Print the lines in the listing below that fall between the line with "- Repoussé copper" and the line with "Чехол матраса выполнен", those two lines included, exactly as they stand and with nothing else.

## Exercise input
———
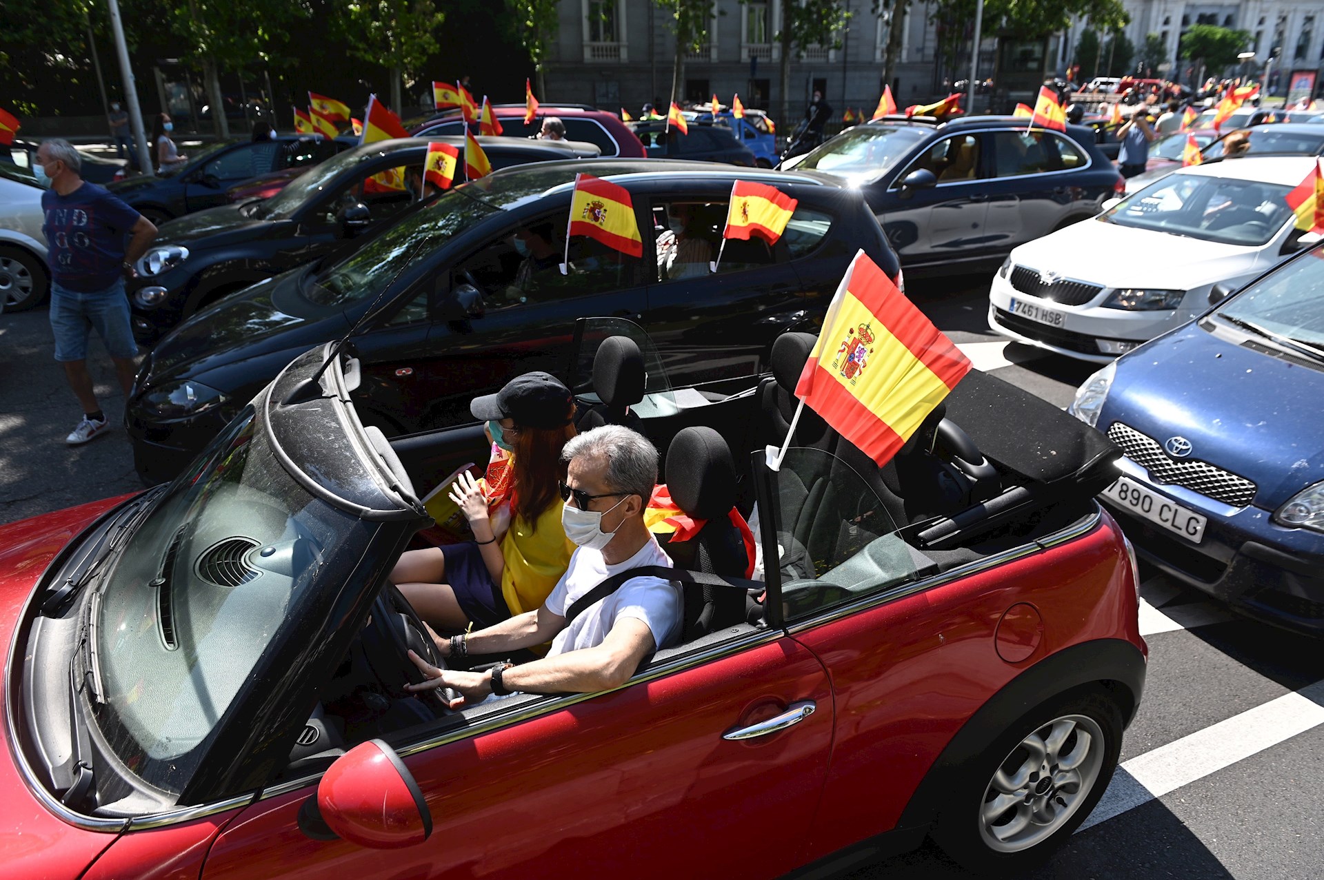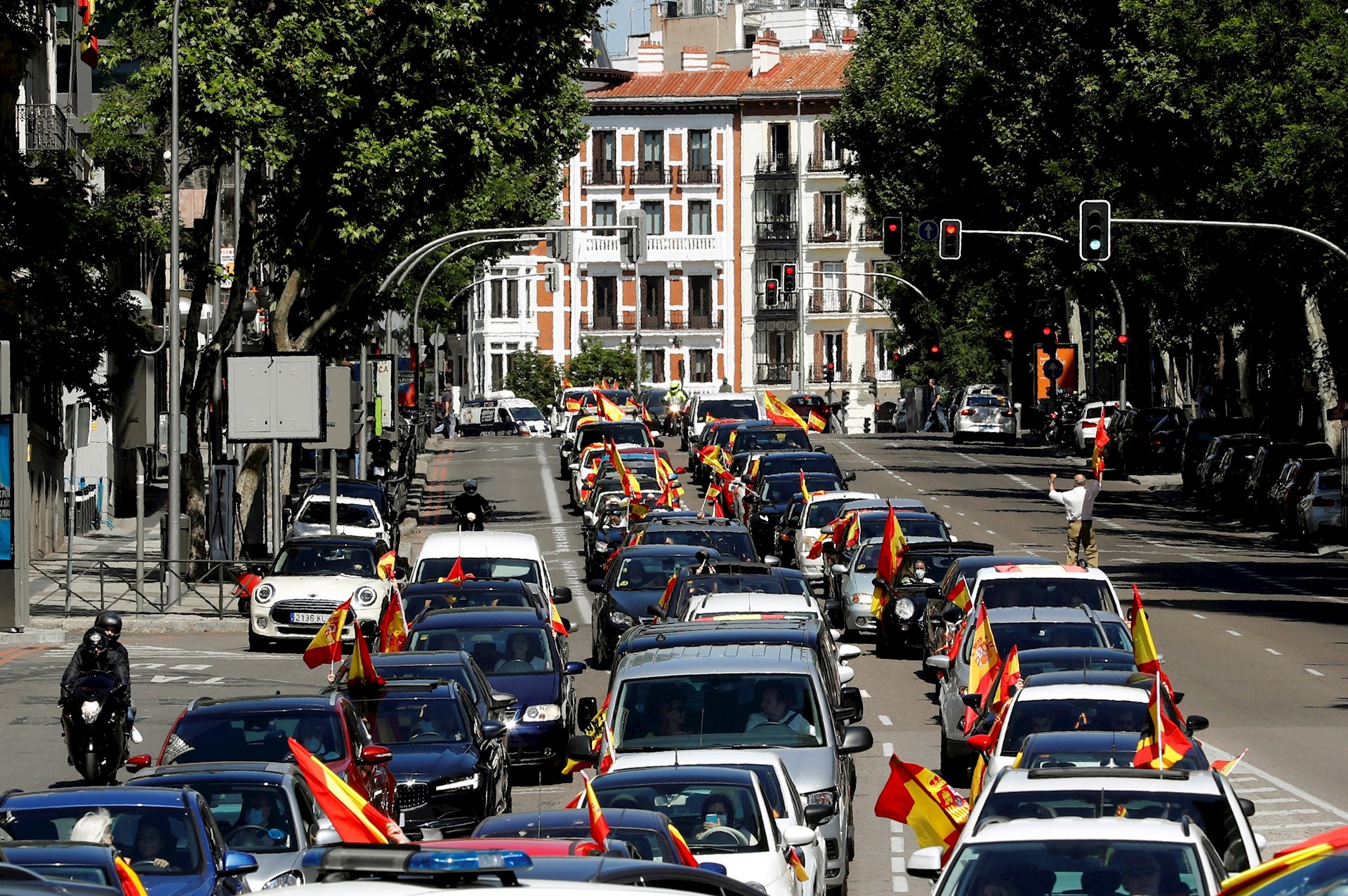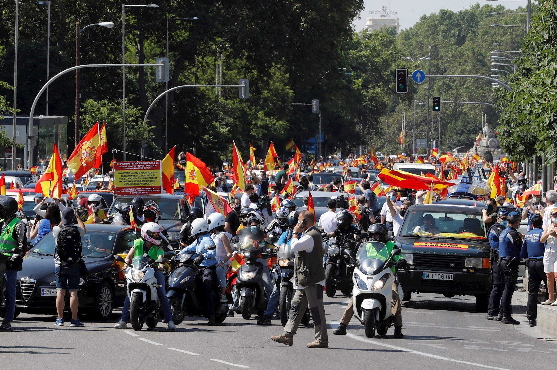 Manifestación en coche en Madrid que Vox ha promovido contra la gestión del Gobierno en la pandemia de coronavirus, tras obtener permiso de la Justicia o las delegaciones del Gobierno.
———
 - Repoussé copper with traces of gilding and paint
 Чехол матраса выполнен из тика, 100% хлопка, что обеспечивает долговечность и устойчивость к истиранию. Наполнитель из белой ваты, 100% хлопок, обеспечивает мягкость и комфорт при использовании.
———
## Task solution
 - Repoussé copper with traces of gilding and paint
 Чехол матраса выполнен из тика, 100% хлопка, что обеспечивает долговечность и устойчивость к истиранию. Наполнитель из белой ваты, 100% хлопок, обеспечивает мягкость и комфорт при использовании.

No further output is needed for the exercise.